With reference to this post on feature scaling, and many tutorials out there, it is mentioned how we should avoid data snooping by performing say, feature scaling on the train set, and then use the mean and std from the train set to transform the test set.
I can understand this idea, but when extending to say, KFold cross validation (K=5), how do we then determine the mean and std for our final test set?
I was thinking the below:
- Split X, y into 3 sets, X_train, X_test (note no validation set here since we will be splitting X_train into 5 folds).
- X_train is further split into X1,X2,X3,X4,X5 (for simplicity, I dropped the train subfix.
- We will train the model five times, for example, use X2 - X5 as train and evaluate on X1. Use X1-X4 as train, and evaluate on X5.
- The confusion arises here, during training for each fold, we should perform feature scaling on only 4 folds (the training folds), and use the mean and std from these 4 folds to transform the remaining 1 validation fold.
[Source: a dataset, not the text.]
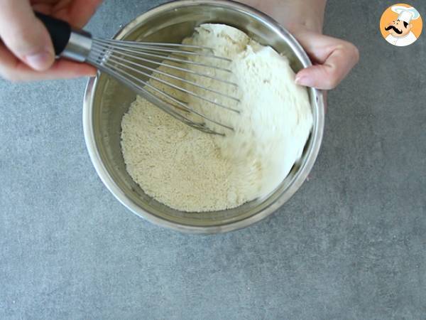 Preincalziti cuptorul la 200° C. Topiti ciocolata cu untul. Se amesteca pudra de migdale cu zaharul pudra.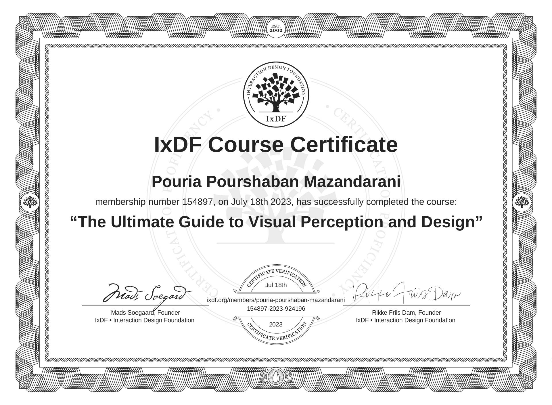 Pouria Pourshaban Mazandarani's IxDF Course Certificate: The Ultimate Guide to Visual Perception and Design

But this will mean we have 5 such pairs of mean - std since CV=5.
- How do we deduce which mean and std to use for the final final prediction on test set? Logically, we just choose the mean and std of the best performing fold (out of 5 folds?) This leads to the final question.
- Don't people typically take the average of the 5 fold predictions at the end when doing inference, so do we still take the best performing folds' mean and std?
Here you are using cross validation for Hyperparameter tuning and after you choose the Hyperparameter, you use this set of “ideal” Hyperparameter to retrain your whole train set (where this time you use the mean and std of the whole train set).
– nan Sep 24 '21 at 14:29Thanks a lot, I understood the idea now.
That’s why people like me should never jump the gun and learn deep learning without a solid foundation in classical ML.
– nan Sep 24 '21 at 14:48